OSM Planet - Examples and geospatial features current status

[LorenzBuehmann]

It's more a general question, but is the geospatial support still deployed on the public QLever instance? And did you change the OSM data model somehow? I'm asking because I tried some queries from the examples, e.g.

Query

PREFIX osmkey: <https://www.openstreetmap.org/wiki/Key:>
PREFIX geo: <http://www.opengis.net/ont/geosparql#>
PREFIX osm: <https://www.openstreetmap.org/>
PREFIX osmrel: <https://www.openstreetmap.org/relation/>
SELECT ?name WHERE {
  ?osm_id osm:envelope ?envelope .
  ?osm_id osmkey:building "university" .
  ?osm_id osmkey:name ?name .
  FILTER contained(?envelope, "LINESTRING(5 47, 16 56)")
}

which fails with

Error processing query

ParseException, cause: Unexpected input: contained(?envelope, "LINESTRING(5 47, 16 56)") }
Your query was:

...

Query:

PREFIX osm: <https://www.openstreetmap.org/>
PREFIX rdf: <http://www.w3.org/1999/02/22-rdf-syntax-ns#>
PREFIX geo: <http://www.opengis.net/ont/geosparql#>
PREFIX osmkey: <https://www.openstreetmap.org/wiki/Key:>
SELECT ?region ?name ?iso31662 ?shape WHERE {
  ?region rdf:type osm:relation .
  ?region osmkey:ISO3166-2 ?iso31662 .
  ?region osmkey:name ?name .
  ?region geo:hasGeometry ?shape .
  FILTER REGEX(?iso31662, "^"DE-")
}

fails with

Error processing query

ParseException, cause: Unexpected input: DE-") }

Query

PREFIX ogc: <http://www.opengis.net/rdf#>
PREFIX osmrel: <https://www.openstreetmap.org/relation/>
PREFIX osmkey: <https://www.openstreetmap.org/wiki/Key:>
SELECT ?castle ?name ?class ?ruins WHERE {
  osmrel:51701 ogc:contains ?castle .
  { { ?castle osmkey:historic "castle" } UNION
  { ?castle osmkey:historic "tower" . ?castle osmkey:castle_type "defensive" } } UNION
  { ?castle osmkey:historic "archaeological_site" . ?castle osmkey:site_type "fortification" }
  ?castle osmkey:name ?name .
  ?castle osmkey:ruins ?ruins .
  OPTIONAL { ?castle osmkey:historic ?class }
  OPTIONAL { ?castle osmkey:archaeological_site ?class }
}

doesn't really run according to the UI, but I expect an error not even shown in the UI.

Query

PREFIX osm: <https://www.openstreetmap.org/>
PREFIX rdf: <http://www.w3.org/1999/02/22-rdf-syntax-ns#>
PREFIX osmt: <https://www.openstreetmap.org/wiki/Key:>
PREFIX geo: <http://www.opengis.net/ont/geosparql#>
PREFIX osmway: <https://www.openstreetmap.org/way/>
SELECT DISTINCT ?node_1 ?node_2 ?dist ?highway ?maxspeed WHERE {
  ?way osmt:highway ?highway .
  ?way rdf:type osm:way .
  ?way osmway:node ?m .
  ?m osmway:node ?node_1 .
  ?m osmway:next_node ?node_2 .
  ?m osmway:next_node_distance ?dist .
  OPTIONAL { ?way osmt:maxspeed ?maxspeed }
}

leads to an empty result, debugging the query and it looks like there is no such triple matching ?way osmway:node ?m ., i.e. no way has such a node assigned.

Misc

"All 16 states of Germany" shows up a query that doesn't stick to Germany I guess.

[hannahbast]

Thank you for these questions and queries, Lorenz, I will reply to them one comment at a time.

Concerning your first query ("contains envelope"): This was realized using #413, which is based on an old version of QLever, where values used to be implemented very inefficiently as strings.

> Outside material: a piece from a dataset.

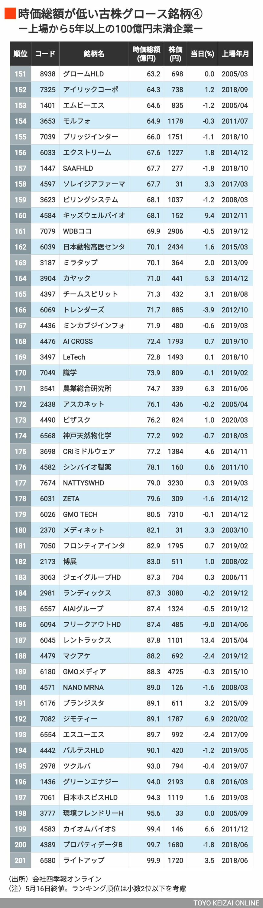 東証グロースに適用される「上場5年経過後に時価総額100億円」の関門。このルールが今すぐ適用されたとの仮定で退出を迫られる201社は?の写真一覧

In the meantime, QLever's handling of values has been completely refactored and is now much more efficient, see #648 and #650 (and some preparatory PRs). In a nutshell, values that fit into an 8-byte integer (that is, most values) are now represented directly in their ID instead of as strings like before.

Also note that since #638, QLever supports geof:latitude and geof:longitude for WKT points (example on Wikidata: all objects in a stripe around the 48°N latitude), as well as geof:distance (example on Wikidata: all objects in a 100km ring around Freiburg). These functions are not yet super fast because they parse the WKT strings at query time, but that will be relatively easy to change now with QLever's new value handling.

@joka921 How much do you consider it to adapt #413 to the current master? I would expect that much of the magic that we needed for #413 is not needed anymore because the values are now efficient out of the box already.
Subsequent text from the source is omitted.